To unsubscribe from this group and stop receiving emails from it, send an email to tachyon-user...@googlegroups.com.
For more options, visit https://groups.google.com/d/optout.

--

Haoyuan Li

AMPLab, EECS, UC Berkeley

http://www.cs.berkeley.edu/~haoyuan/

swin...@gmail.com

unread,

Mar 26, 2015, 6:45:49 AM3/26/15

to tachyo...@googlegroups.com, swin...@gmail.com

what is Tiered storage? Is there document about this?

在 2015年3月26日星期四 UTC+8下午4:42:06，Haoyuan Li写道：

Calvin Jia

unread,

Mar 27, 2015, 4:12:34 PM3/27/15

to tachyo...@googlegroups.com, swin...@gmail.com

Tiered storage is a new feature in Tachyon 0.6. The documentation can be found here: http://tachyon-project.org/Hierarchy-Storage-on-Tachyon.html

苗海泉

unread,

Jul 27, 2016, 2:51:58 AM7/27/16

to Alluxio Users, tachyo...@googlegroups.com

Hello everybody, I use spark 1.6.2 and alluxio-1.2.0 , when I start test persist in spark-shell as follow codes,what happen?

Because new vesion alluxio not support this ?

If you kown the reason ,please tell me ,thank you very much!

scala> val afile = sc.textFile("hdfs://spark29:9000/home/logs/nat/nat_1467220740000_1467220800000")

afile: org.apache.spark.rdd.RDD[String] = hdfs://spark29:9000/home/logs/nat/nat_1467220740000_1467220800000 MapPartitionsRDD[9] at textFile at <console>:27

scala> afile.count

res4: Long = 88

scala> import org.apache.spark.storage.StorageLevel

import org.apache.spark.storage.StorageLevel

scala> afile.persist(StorageLevel.OFF_HEAP)

res5: afile.type = hdfs://spark29:9000/home/logs/nat/nat_1467220740000_1467220800000 MapPartitionsRDD[9] at textFile at <console>:27

scala> afile.count

[Stage 1:> (0 + 2) / 2]16/07/27 14:32:58 WARN TaskSetManager: Lost task 0.0 in stage 1.0 (TID 2, spark24): org.apache.spark.storage.BlockException: Block manager failed to return cached value for rdd_9_0!

at org.apache.spark.CacheManager.putInBlockManager(CacheManager.scala:158)

at org.apache.spark.CacheManager.getOrCompute(CacheManager.scala:78)

at org.apache.spark.rdd.RDD.iterator(RDD.scala:268)

at org.apache.spark.scheduler.ResultTask.runTask(ResultTask.scala:66)
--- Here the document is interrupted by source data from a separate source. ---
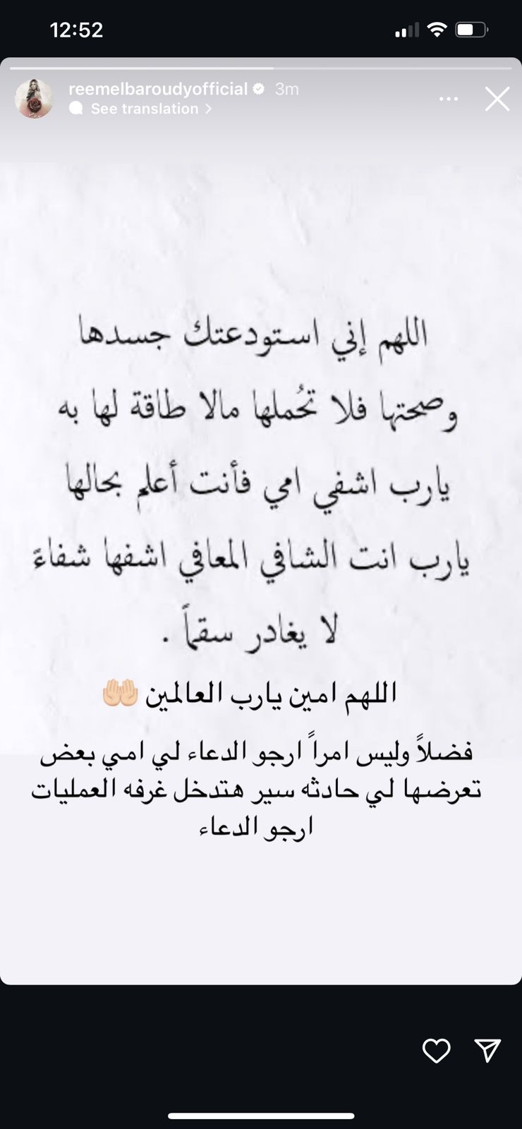 ونشرت ريم البارودي عبر حسابها بخاصية القصص القصيرة بـ موقع تبادل الصور والفيديوهات إنستجرام، صورة دعاء وعلقت عليها قائلة: فضلًا وليس أمرًا أرجو الدعاء لوالدتي بعد تعرضها لحادث سير وهتدخل غرفة العمليات.
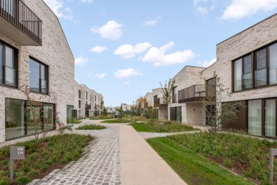 Moderne, bel-étage nieuwbouwwoning met mooie zonneterrassen en dubbele, ondergrondse garagebox gelegen in een autovrije en groene omgeving aan de rand van Knokke, op enkele minuten van het centrum.
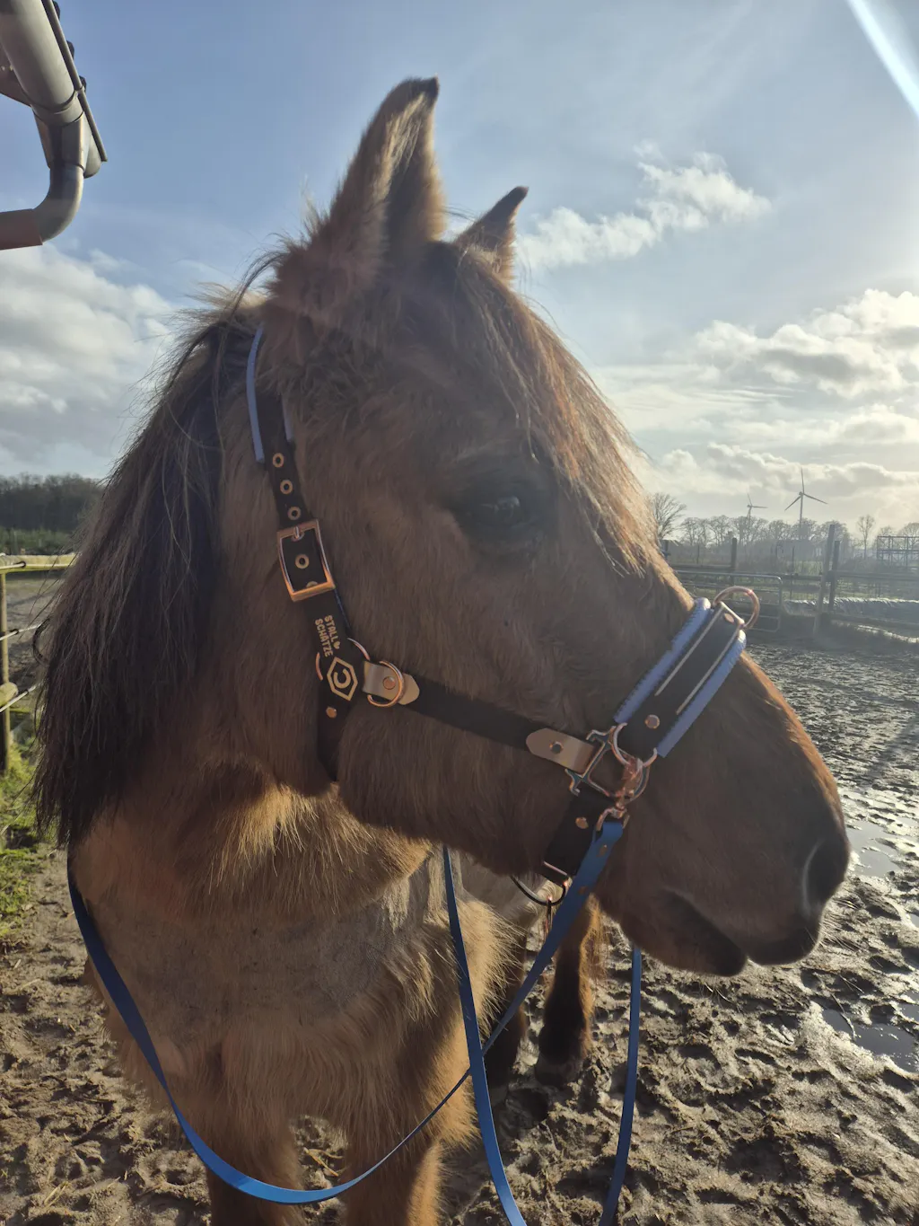 Bitte beachte: Pferde nicht ohne Sollbruchstelle (z.B. SafetySchlaufe) anbinden. Nicht geeignet als Weidehalfter oder zum Transport.
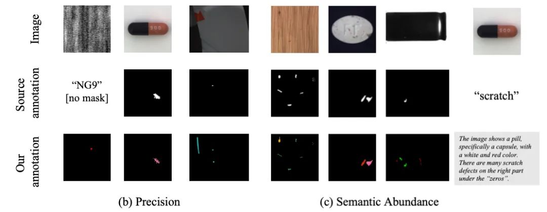 从实际的工业生产来看,工厂对缺陷检测的要求细致,需要在控制缺陷件的同时保证收益率。然而,现有缺陷检测数据集常常缺乏应用所需的精确度和语义丰富性,无法良好支持实际生产。
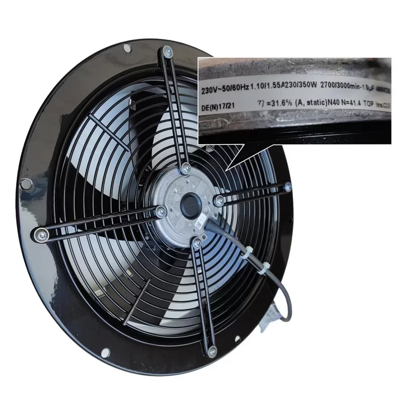 The ebmpapst A2E300-AP02-01 is a high-performance 230VAC AC Axial Fan featuring a 300 mm specialized aerodynamic sickle-shaped sheet steel impeller, specifically engineered for mission-critical cooling in Industrial Frequency Converters and specialized ventilation systems. Driven by an M2E074-DF external rotor motor with maintenance-free ball bearings and moisture protection (H1), this 3.13 kg unit operates at 230 VAC / 50/60 Hz delivering a Max. Power Consumption of 230.0 / 350.0 W and a Max. Current Draw of 1.10 / 1.55 A at a rated speed of 2700 / 3000 RPM. This High-performance unit achieves a Max. Air Flow of 2245.0 m³/h at optimum efficiency, with a Max. Static Pressure of 16.32 / 5.10 mmH₂O (160.0 / 50.0 Pa / 0.64 / 0.20 inAq). Featuring a robust construction with an integrated thermal overload protector (TOP) and black painted motor surface, this IP44-rated unit meets ErP 2015 efficiency standards (N=41.4) and is optimized for environments requiring high reliability and industrial-grade airflow in VFD systems at the end.
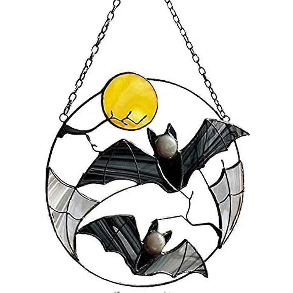 Bat Decoration Gothic Window Hangings Suncatcher Flying Under the Moon Crafts Suncatcher Wall Decor Halloween Decoration
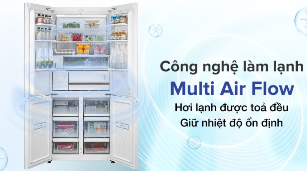 - Luồng khí lạnh đa chiều Multi Air Flow: Phân bổ hơi lạnh đều khắp tủ, giúp thực phẩm được làm lạnh nhanh chóng và đồng đều, đảm bảo độ tươi ngon lâu dài.

at org.apache.spark.scheduler.Task.run(Task.scala:89)

at org.apache.spark.executor.Executor$TaskRunner.run(Executor.scala:227)

at java.util.concurrent.ThreadPoolExecutor.runWorker(ThreadPoolExecutor.java:1142)

at java.util.concurrent.ThreadPoolExecutor$Worker.run(ThreadPoolExecutor.java:617)

at java.lang.Thread.run(Thread.java:745)

16/07/27 14:32:58 ERROR TaskSetManager: Task 0 in stage 1.0 failed 4 times; aborting job

org.apache.spark.SparkException: Job aborted due to stage failure: Task 0 in stage 1.0 failed 4 times, most recent failure: Lost task 0.3 in stage 1.0 (TID 6, spark24): org.apache.spark.storage.BlockException: Block manager failed to return cached value for rdd_9_0!

at org.apache.spark.CacheManager.putInBlockManager(CacheManager.scala:158)

Pei Sun

unread,

Jul 27, 2016, 7:53:51 PM7/27/16

to 苗海泉, Alluxio Users, tachyo...@googlegroups.com

Hi,

It is not recommended to use persist(OFF_HEAP) anymore. This feature is removed in spark 2.0.0. You can use saveAsTextFile or saveAsObjectFile (slower).

Pei

--
You received this message because you are subscribed to the Google Groups "Alluxio Users" group.
To unsubscribe from this group and stop receiving emails from it, send an email to alluxio-user...@googlegroups.com.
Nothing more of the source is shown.